November 4th, 2007 No comments

Theatre Games

Michael Wright in his book Playwriting in Process: Thinking and Working Theatrically begins chapter two by outlining the concept of theatre games for playwrights.

Wright outlines the approach to playwriting that he rejects:

Doctrinaire statements include saying, the conflict must begin by page 5, or that exposition has to be done in such and such a way. Nontheatrical statements are suggesting that you develop plots from outlines or work up characters from lists of traits such as hair color, politics, and choice of bath soap.

Instead, Wright advocates, per the first sentence, the use of “theatre games; activities that encourage creative and dynamic thinking, playful writing, and immersive engagement in the process of creating scenes, characters, text, dialogue, and, of course, subtext.

Wright mentions a couple of sources for the games that he advocates. The first is Viola Spolin‘s theatre games and improvisations. Wright comments that her theatre games showed him “how to work from a ‘doing approach’ finding a given scene through active discovery‚ÄĚrather than a detached mental process.’ The second source for Wright came from his work with Harold Clurman in the Director’s Unit, which was a subdivision of Israel Horovitz‘s Playwright’s Unit at the Actors Studio. Clurman apparently used a process whereby a group of playwrights began creating new plays all at the same time with a set number of pages to create per week and then these plays were workshopped, i.e. shared, read, critiqued, discussed, etc. This is very like the process I’ve gone through in several of my playwriting classes at CSU/NEOMFA. For several reasons, Wright and another playwright, Jeffrey Sweet, left this group and created their own named the New York Writer’s Bloc. Out of this came an exercise described by Wright as the “Six Line”.

The six-line as a writing exercise is a short scene literally comprised of six lines between two characters with each character having three lines.
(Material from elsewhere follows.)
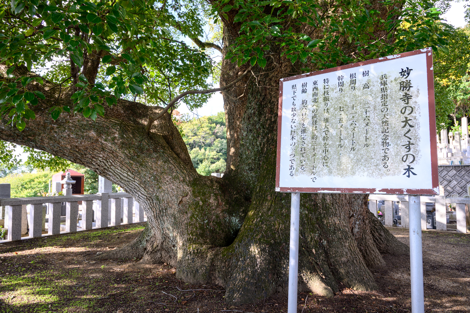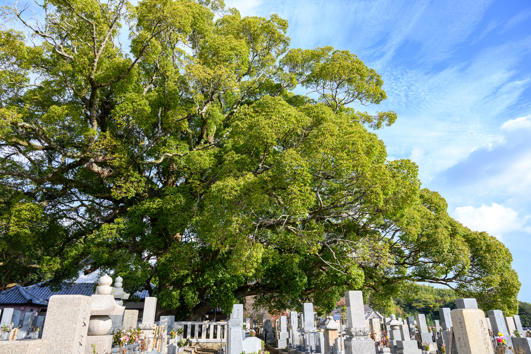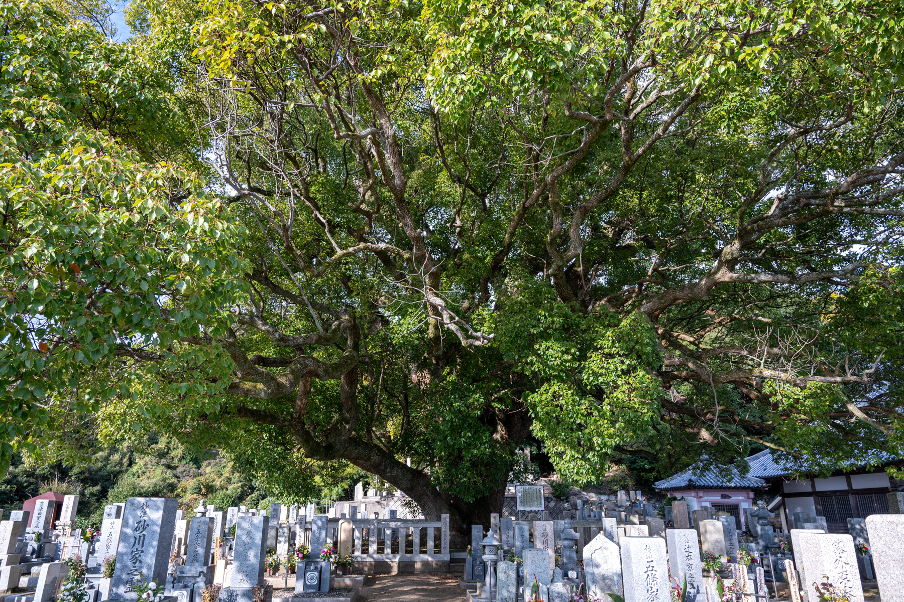 墓地のど真ん中にそびえる立派な大クスノキ。

A line can be one word or five pages and is the sum of one character’s thoughts as spoken in that one response Each week’s six-lines were based on a given topic, which was also known as ‘negotiation.’ A negotiation was defined as the matter, issue, or problem between two people who each wanted a different result and automatically led to conflict The use of an assigned negotiation helped us all because we didn’t have to think of a topic on our own

Wright asserts that writing negotiations is the “center of all theatrical writing” because it encompasses the “show don’t’ tell” writing principle (mentioned in my earlier posts) and creates characters who define meaning by both what they say and what they do that is, not only the action, but how that action is carried out. More importantly, by creating meaning in this way, the audience is forced to pay attention to all aspects of a theatrical production, not just the words that characters speakbecause the words a character speaks can be in sharp contracts with the actions that character performs: the sum of these elements adding up to a complexity and depth of meaning that is much greater than their component pieces alone.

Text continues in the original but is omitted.